The task:
Reproduction without pictures: print every entry precisely as written.

*-*-*

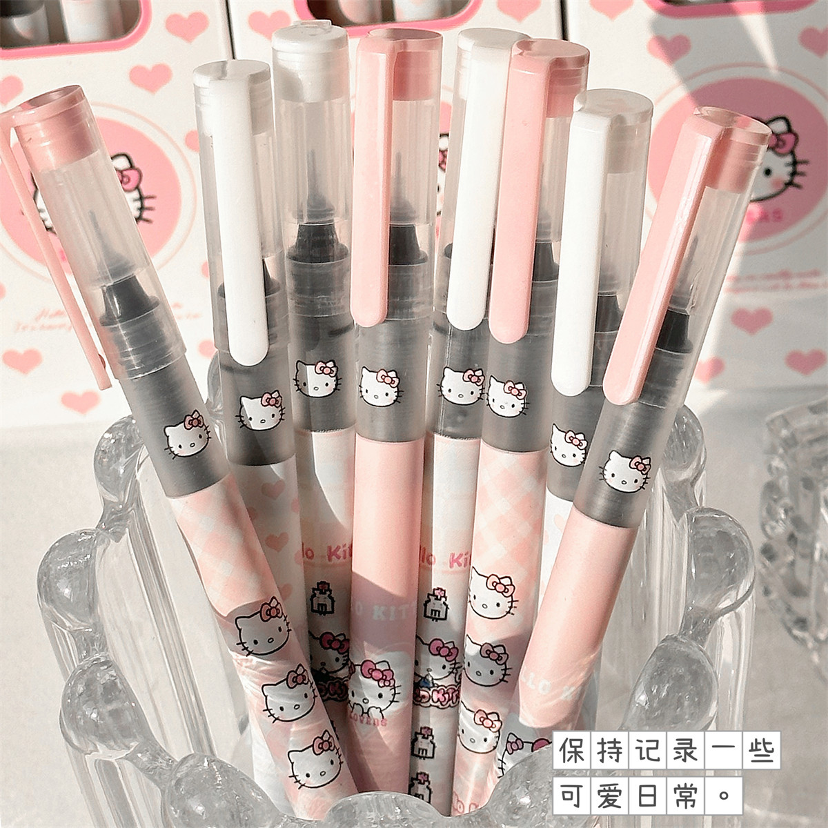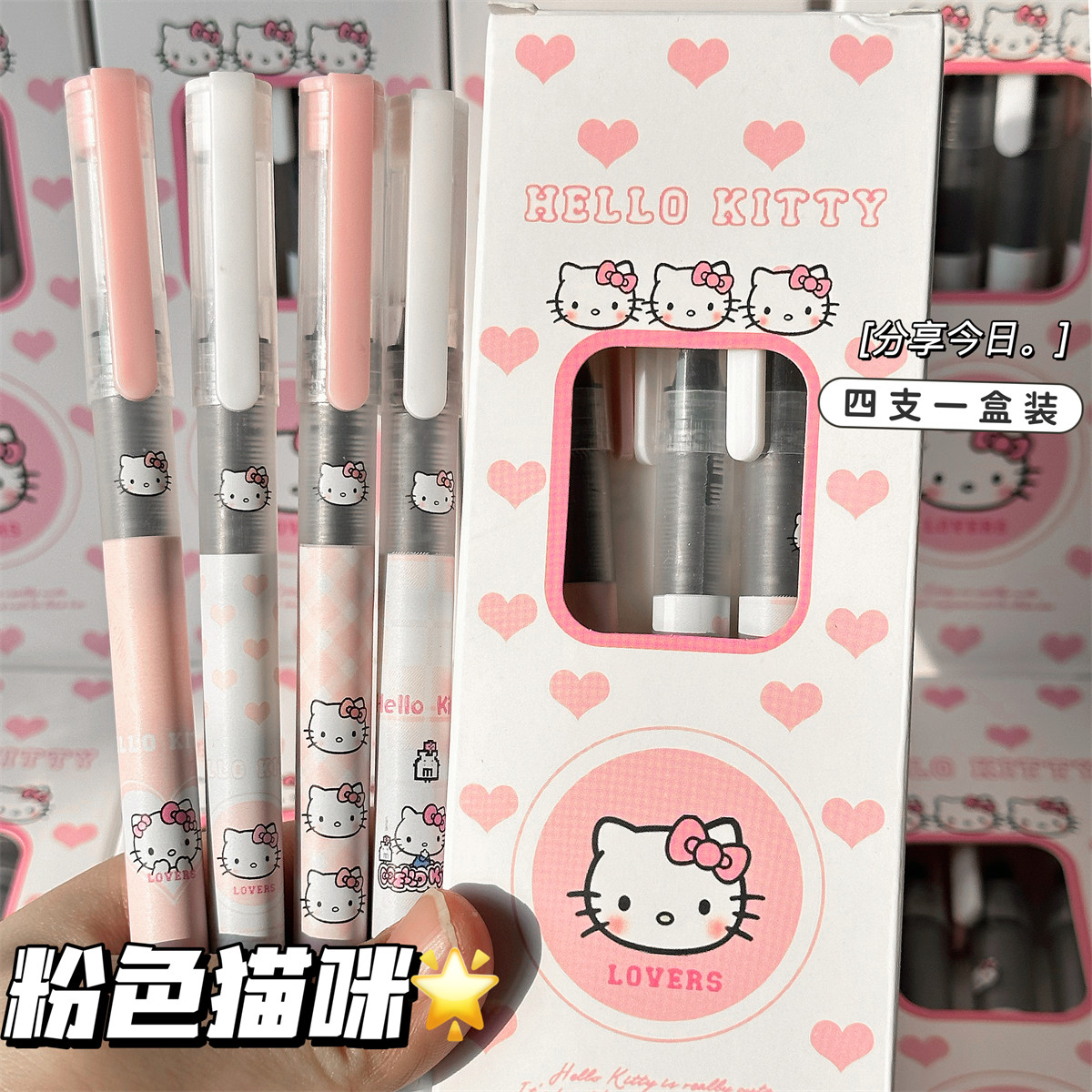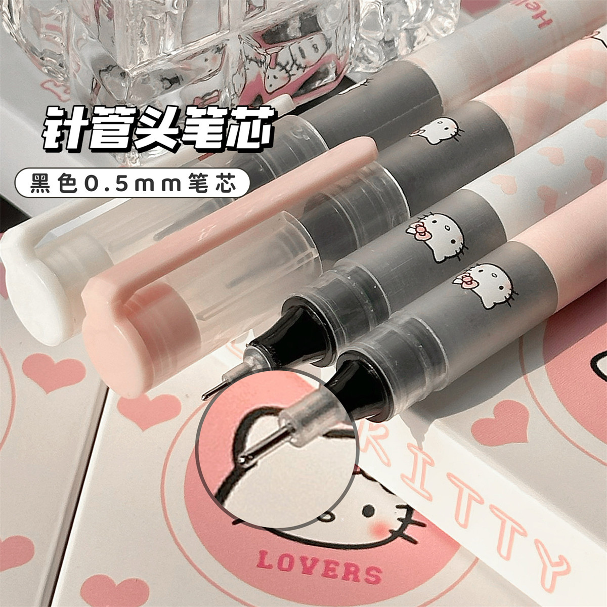 粉色猫咪大容量直液式走珠笔0.5黑色针管中性水笔便宜学生考试笔
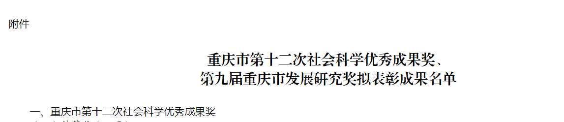 公司1项科研成果荣获重庆市第十一次社会科学优秀成果奖
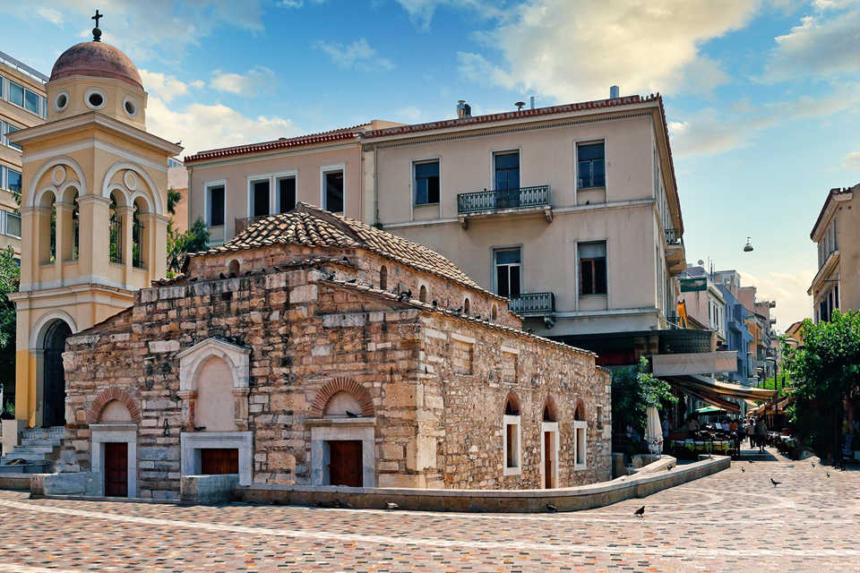 The Church of the Panagia Pantanassa (of of the Dormition- “Falling asleep-”of the Virgin Mary), on the east side of the Square, was once part of a larger monastery. Recent excavations for the Metro have uncovered floor mosaics dating from the 5th century and some foundations of nearby shops or houses. The monastery was referred to as the “Big Monastery” during the 17th century. The bell tower was a relatively recent addition, dating from 1911. It was one of Athens’ most important places of worship. After extensive changes took place in the late 19th century, when many of the outbuildings of the monastery were torn down, partly to make room for the 1895 construction of the Metro station, it was known as the Monastiraki, or “Little Monastery.” The cells of the monastery had been built on what is now the open area of the Square. The church’s foundations are well below the level of the Square, and is surrounded by a low protective wall.
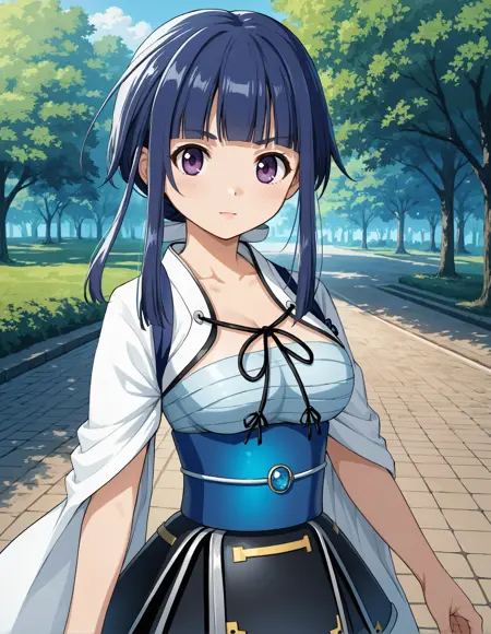 魔法服装: mgrcasukatatsuki, asukamgc, 开放式白袍,白色发带,黑色丝带,蓝色肩带,胸部束胸布,蓝色腰带,白色腰绳,蓝色宝石,黑色护甲裙,白色荷叶边,蓝色过膝袜,黑色木屐
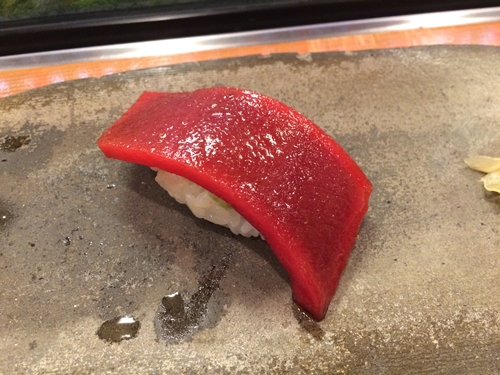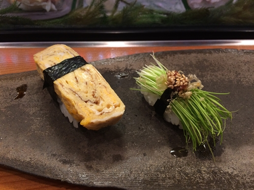 玉子と芽ネギをいただいたあとに、アナゴの塩と赤身をいただいて今日のところは終了!
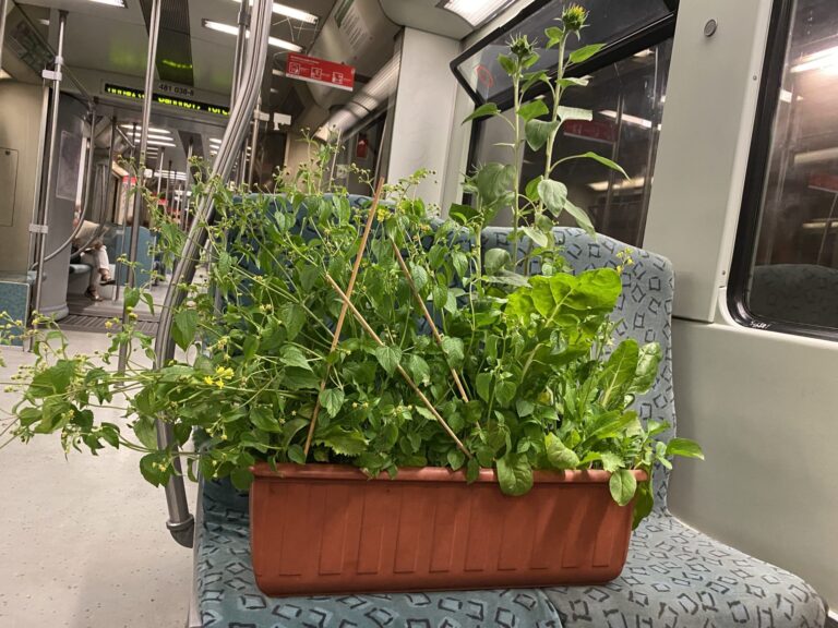 On the way to the “Down to Earth” exhibition with a balcony box
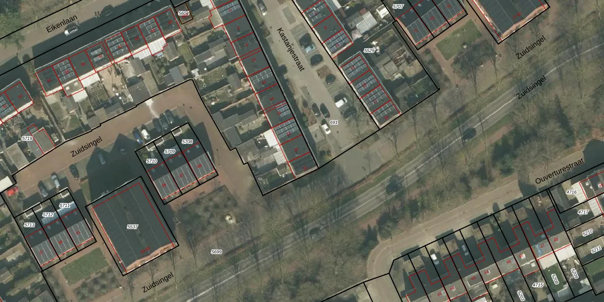 Het perceel waarop Kastanjestraat 20 staat heeft een oppervlakte van 5753 m². Dit is een zeer groot perceel. De perceeloppervlakte wordt geregistreerd door het Kadaster. Gedetailleerde informatie over de maten van dit perceel kunt u vinden in het rapport Kadastrale kaart met maatvoering van Kastanjestraat 20.

*-*-*

Answer to this problem:
 粉色猫咪大容量直液式走珠笔0.5黑色针管中性水笔便宜学生考试笔
 公司1项科研成果荣获重庆市第十一次社会科学优秀成果奖
 The Church of the Panagia Pantanassa (of of the Dormition- “Falling asleep-”of the Virgin Mary), on the east side of the Square, was once part of a larger monastery. Recent excavations for the Metro have uncovered floor mosaics dating from the 5th century and some foundations of nearby shops or houses. The monastery was referred to as the “Big Monastery” during the 17th century. The bell tower was a relatively recent addition, dating from 1911. It was one of Athens’ most important places of worship. After extensive changes took place in the late 19th century, when many of the outbuildings of the monastery were torn down, partly to make room for the 1895 construction of the Metro station, it was known as the Monastiraki, or “Little Monastery.” The cells of the monastery had been built on what is now the open area of the Square. The church’s foundations are well below the level of the Square, and is surrounded by a low protective wall.
 魔法服装: mgrcasukatatsuki, asukamgc, 开放式白袍,白色发带,黑色丝带,蓝色肩带,胸部束胸布,蓝色腰带,白色腰绳,蓝色宝石,黑色护甲裙,白色荷叶边,蓝色过膝袜,黑色木屐
 玉子と芽ネギをいただいたあとに、アナゴの塩と赤身をいただいて今日のところは終了!
 On the way to the “Down to Earth” exhibition with a balcony box
 Het perceel waarop Kastanjestraat 20 staat heeft een oppervlakte van 5753 m². Dit is een zeer groot perceel. De perceeloppervlakte wordt geregistreerd door het Kadaster. Gedetailleerde informatie over de maten van dit perceel kunt u vinden in het rapport Kadastrale kaart met maatvoering van Kastanjestraat 20.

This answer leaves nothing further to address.